I’m calling this system “square-packed” coordinates.

This is handy for storing the map in memory, but not very nice at all for answering questions like “how far away are these two triangles from one another” or “what triangle did the player click” or even just “where do I draw this triangle”. In this coordinate system, (0,0) and (2,1) have two other triangles between them, but (1,0) and (3,1) share a common point. So figuring out what’s adjacent to a triangle depends on the particular place that triangle is.

Shearing squares into rhombuses, then subdividing them. From Amit Patel’s excellent Thoughts on Grids.

Amit Patel, of course, has thought about this problem. He suggests a coordinate system like a skewed square grid, where you divide each square in two across its diagonal. In this system, there are three coordinates: x, y, and R. The x and y coordinates tell you which rhombus you’re in, and the R coordinate tells you whether you’re in the lower-left triangle half of the rhombus or the upper-right one, so it’s just a binary 0 or 1. (Amit labels the two options L and R, but that seems a little confusing because the name of the 3rd coordinate is also R.)

The sheared-square coordinate system is a lot easier to work with for figuring out where the player clicked, because it’s just a little matrix math to un-shear the world and then you can use regular square grid math to figure out the x and y, and then you just need to figure out whether you’re in the bottom-left or top-right half of the square (i.e. unsheared rhombus), and that gets you your R value. The (x, y, R) system isn’t so great for computing distances, though, so Amit wrote another article about that.

My extremely high-quality illustration of a triangle coordinate system that’s useful for calculating distances.

The idea with this system is that the distance between any two triangles is the number of lines you’d need to cross when walking from one to the other. It’s a little like the Manhattan distance on square grids.

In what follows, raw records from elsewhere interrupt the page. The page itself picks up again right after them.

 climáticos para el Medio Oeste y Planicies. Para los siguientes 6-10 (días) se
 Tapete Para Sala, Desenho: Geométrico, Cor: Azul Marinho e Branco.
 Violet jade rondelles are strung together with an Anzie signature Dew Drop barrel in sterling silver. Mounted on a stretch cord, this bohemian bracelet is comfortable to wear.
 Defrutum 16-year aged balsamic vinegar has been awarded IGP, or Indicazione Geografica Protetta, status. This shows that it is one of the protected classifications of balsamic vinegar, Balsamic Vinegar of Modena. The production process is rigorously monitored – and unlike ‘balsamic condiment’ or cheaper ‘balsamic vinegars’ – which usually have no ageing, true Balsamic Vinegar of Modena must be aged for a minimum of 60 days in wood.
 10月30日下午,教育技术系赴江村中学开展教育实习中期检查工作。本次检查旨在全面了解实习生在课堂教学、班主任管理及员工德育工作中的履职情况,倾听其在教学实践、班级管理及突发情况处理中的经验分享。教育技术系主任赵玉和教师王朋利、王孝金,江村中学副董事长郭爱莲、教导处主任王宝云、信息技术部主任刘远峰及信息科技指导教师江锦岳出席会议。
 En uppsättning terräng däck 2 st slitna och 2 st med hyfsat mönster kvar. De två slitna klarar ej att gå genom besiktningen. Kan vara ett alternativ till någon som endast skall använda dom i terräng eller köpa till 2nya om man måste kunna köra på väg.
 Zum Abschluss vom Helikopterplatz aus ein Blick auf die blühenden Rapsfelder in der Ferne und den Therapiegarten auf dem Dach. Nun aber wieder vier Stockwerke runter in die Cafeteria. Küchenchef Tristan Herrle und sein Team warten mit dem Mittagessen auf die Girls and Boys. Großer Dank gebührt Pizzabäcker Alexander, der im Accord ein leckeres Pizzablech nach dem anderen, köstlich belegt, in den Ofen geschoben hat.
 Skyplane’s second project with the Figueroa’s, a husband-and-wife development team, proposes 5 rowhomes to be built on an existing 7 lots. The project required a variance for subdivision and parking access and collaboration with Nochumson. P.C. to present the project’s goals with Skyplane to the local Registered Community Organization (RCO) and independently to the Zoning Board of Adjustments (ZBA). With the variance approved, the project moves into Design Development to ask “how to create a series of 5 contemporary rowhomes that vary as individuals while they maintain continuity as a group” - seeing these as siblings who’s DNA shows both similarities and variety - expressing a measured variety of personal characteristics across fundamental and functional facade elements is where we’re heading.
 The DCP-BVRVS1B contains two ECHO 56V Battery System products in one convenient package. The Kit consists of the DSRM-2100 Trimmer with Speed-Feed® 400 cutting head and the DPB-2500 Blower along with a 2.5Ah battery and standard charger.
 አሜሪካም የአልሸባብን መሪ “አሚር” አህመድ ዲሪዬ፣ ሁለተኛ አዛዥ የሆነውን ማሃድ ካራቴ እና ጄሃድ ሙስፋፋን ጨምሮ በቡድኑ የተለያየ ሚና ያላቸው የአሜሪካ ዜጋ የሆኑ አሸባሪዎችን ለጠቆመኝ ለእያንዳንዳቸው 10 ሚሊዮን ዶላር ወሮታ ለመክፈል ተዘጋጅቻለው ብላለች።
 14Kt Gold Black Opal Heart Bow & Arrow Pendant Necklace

The (a, b, c) system I drew above is a little redundant, though: for any (a, b) pair, there’s only two possible values for c. For example, if a = 0 and b = 0, then c must be either 0 or 1. This is pretty much the same thing as the R coordinate in the (x, y, R) system, but instead of always being 0 or 1, it’s one of two adjacent numbers depending on where in the grid you are. In the system I drew above, the c coordinate is always equal to either (–a – b) or
(–a b + 1).

None of these three systems seems quite natural to me. The square-packed system uses just two coordinates, which seems right for a two-dimensional grid, where the others use three coordinates, with one of them being restricted to one of two values. The sheared-square system has a weird binary third coordinate whose geometric meaning is somewhat opaque. The (a, b, c) system’s coordinates are all clearly geometrically meaningful, but its third coordinate is oddly constrained, like the sheared-square system. It’s a little surprising to me that hex grids work out to be much simpler, and are amenable to storing just two coordinates.